From the records below, transcribe exactly the lines that begin at the line with "Станок устанавливается на" and end at the line with "Similar to the", both included.

▶ _EXTRACTED DATA_:
BEGIN

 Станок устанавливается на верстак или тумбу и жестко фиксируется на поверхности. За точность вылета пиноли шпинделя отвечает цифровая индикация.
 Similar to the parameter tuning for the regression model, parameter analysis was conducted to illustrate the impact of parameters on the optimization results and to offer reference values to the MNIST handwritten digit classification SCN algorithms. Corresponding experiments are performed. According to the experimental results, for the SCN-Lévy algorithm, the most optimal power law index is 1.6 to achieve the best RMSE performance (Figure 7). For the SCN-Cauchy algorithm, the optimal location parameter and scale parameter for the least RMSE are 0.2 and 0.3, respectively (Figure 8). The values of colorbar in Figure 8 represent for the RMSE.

END
BEGIN

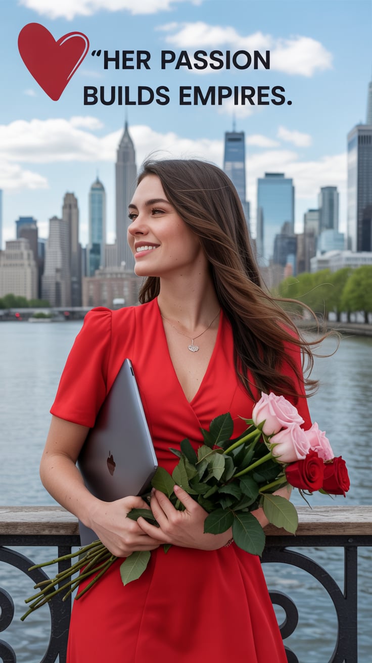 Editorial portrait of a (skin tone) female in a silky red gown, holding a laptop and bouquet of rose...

END

▶ _TASK SOLUTION_:
 Станок устанавливается на верстак или тумбу и жестко фиксируется на поверхности. За точность вылета пиноли шпинделя отвечает цифровая индикация.
 Similar to the parameter tuning for the regression model, parameter analysis was conducted to illustrate the impact of parameters on the optimization results and to offer reference values to the MNIST handwritten digit classification SCN algorithms. Corresponding experiments are performed. According to the experimental results, for the SCN-Lévy algorithm, the most optimal power law index is 1.6 to achieve the best RMSE performance (Figure 7). For the SCN-Cauchy algorithm, the optimal location parameter and scale parameter for the least RMSE are 0.2 and 0.3, respectively (Figure 8). The values of colorbar in Figure 8 represent for the RMSE.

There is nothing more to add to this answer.